• WHAT THIS TASK INVOLVES:
Leave out the pictures, then output the lines of the records below from the first through the one containing "1721 Halfpence - 1 over 0 1721".

[Items from a data source]
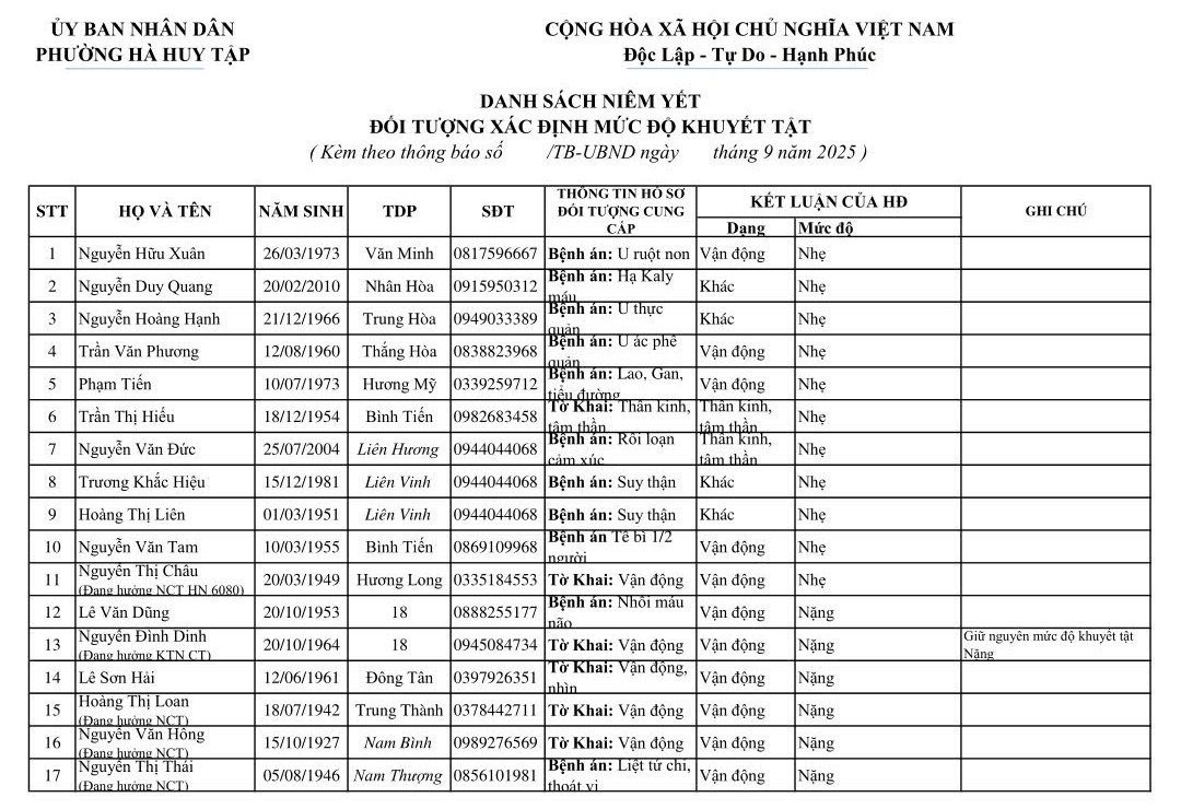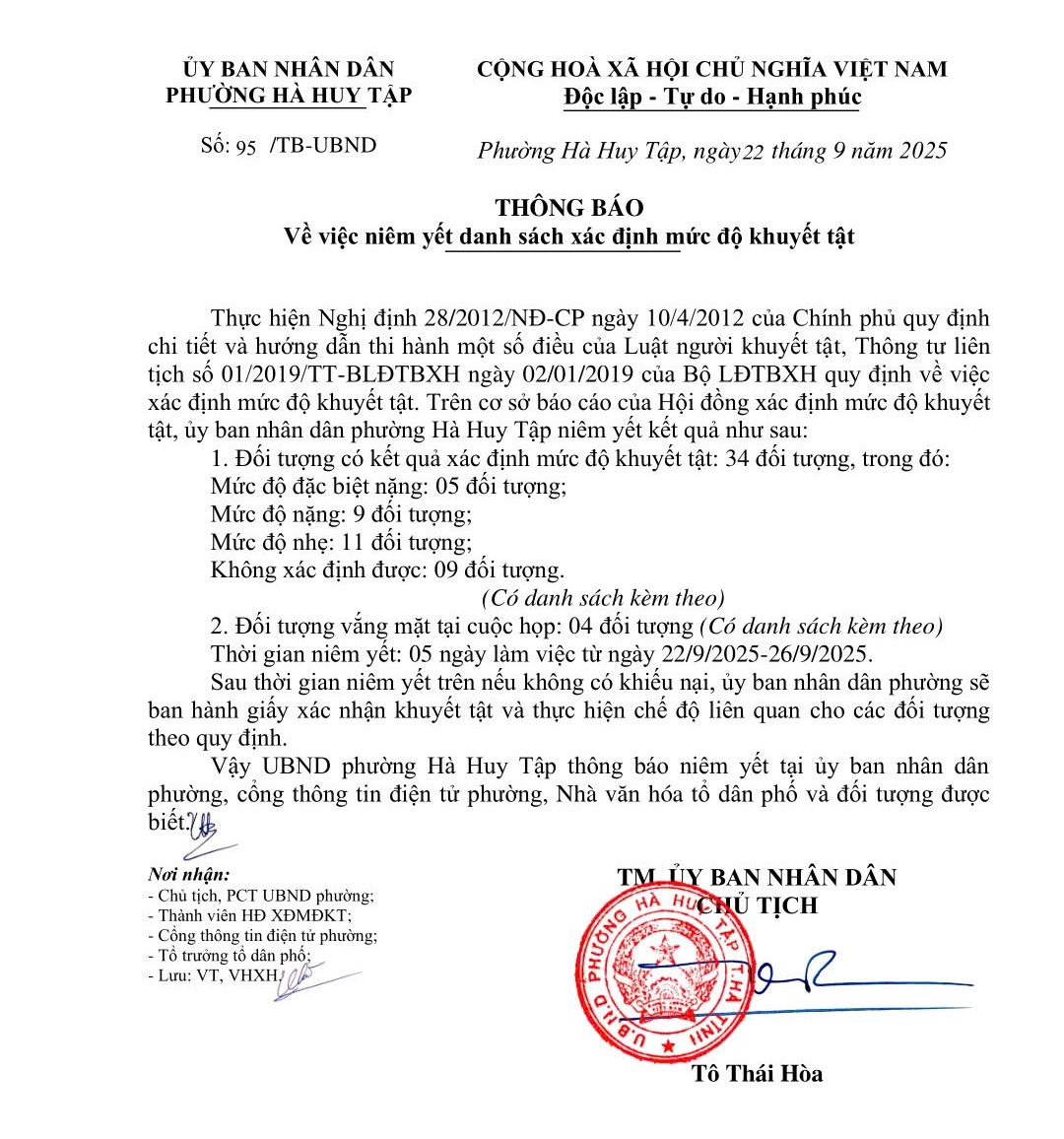 Ngày 22/9/2025, UBND phường Hà Huy Tập ban hành thông báo số 95/TB-UBND Về việc niêm yết danh sách xác định mức độ khuyết tật
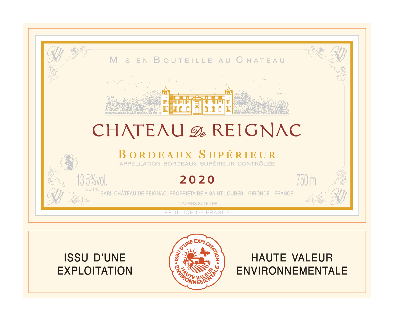 | Libellé | Château De Reignac, 2020 - Bordeaux Supérieur AOP - Rouge - 75 cl |
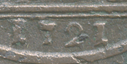 1721 Halfpence - 1 over 0 1721 Halfpence - 1 over 0
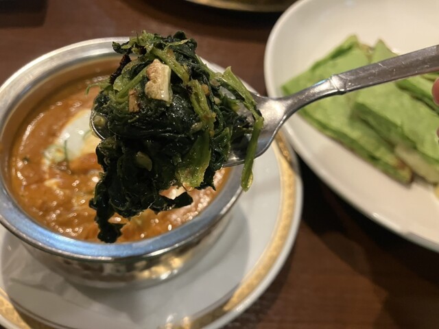 2種のカレー(チキンと豆カレー)のプレート、と、キーマカレー、グリーンチーズナン、を2人でシェア。
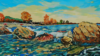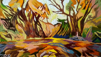 Nel suo lavoro è molto facile individuare il mix di uno spettro completo di colori, che può rappresentare molte emozioni diverse. Personalmente ho avuto un senso molto calmante e un'ondata di positività dai colori pastello mescolati con i morbidi toni della terra. I tronchi dei suoi alberi della strada laterale sono tinti con un mix di blu e marrone, metà autunno e metà primavera, la cresta gialla su di essa, ha accenni di verde, e malva, e l'iper colore della pavimentazione sembra quasi psichedelico. Per un breve momento mi è sembrato di camminare in quella stessa strada in una notte di pioggia.
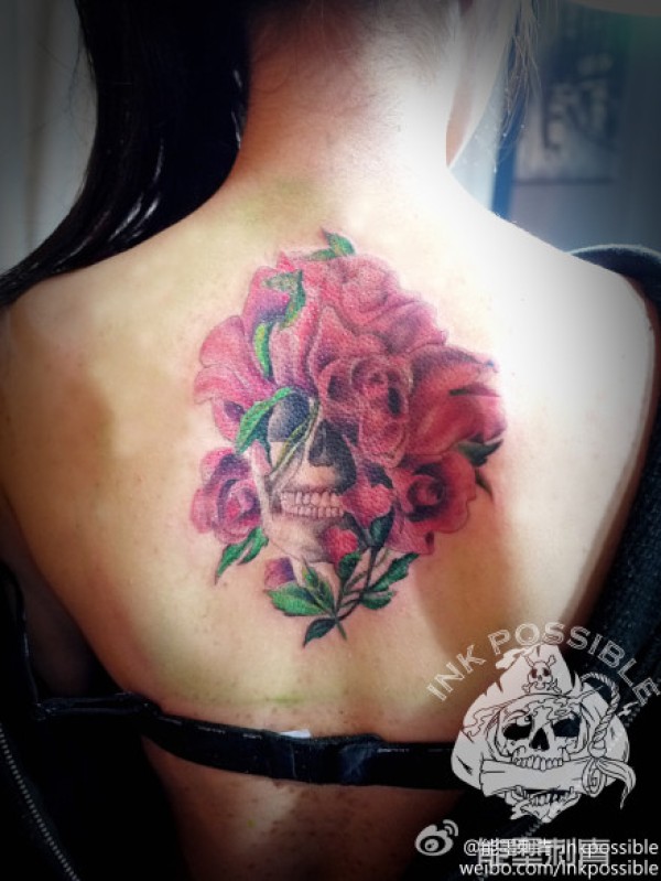女生后背经典帅气的骷髅与玫瑰花纹身图案_玫瑰花纹身图案大全_纹身图吧
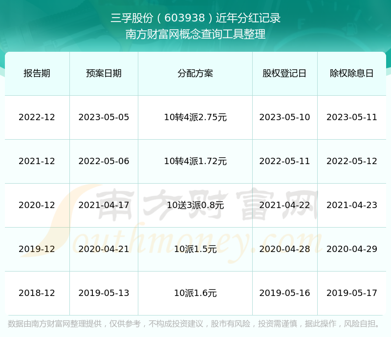 三孚股份最新一次公布的分红方案为10转4派2.75元。本次权益分派股权登记日为2023年5月10日,除权除息日为2023年5月11日,派息日为2023年5月11日。

• ANSWER TO THE EXERCISE:
 Ngày 22/9/2025, UBND phường Hà Huy Tập ban hành thông báo số 95/TB-UBND Về việc niêm yết danh sách xác định mức độ khuyết tật
 | Libellé | Château De Reignac, 2020 - Bordeaux Supérieur AOP - Rouge - 75 cl |
 1721 Halfpence - 1 over 0 1721 Halfpence - 1 over 0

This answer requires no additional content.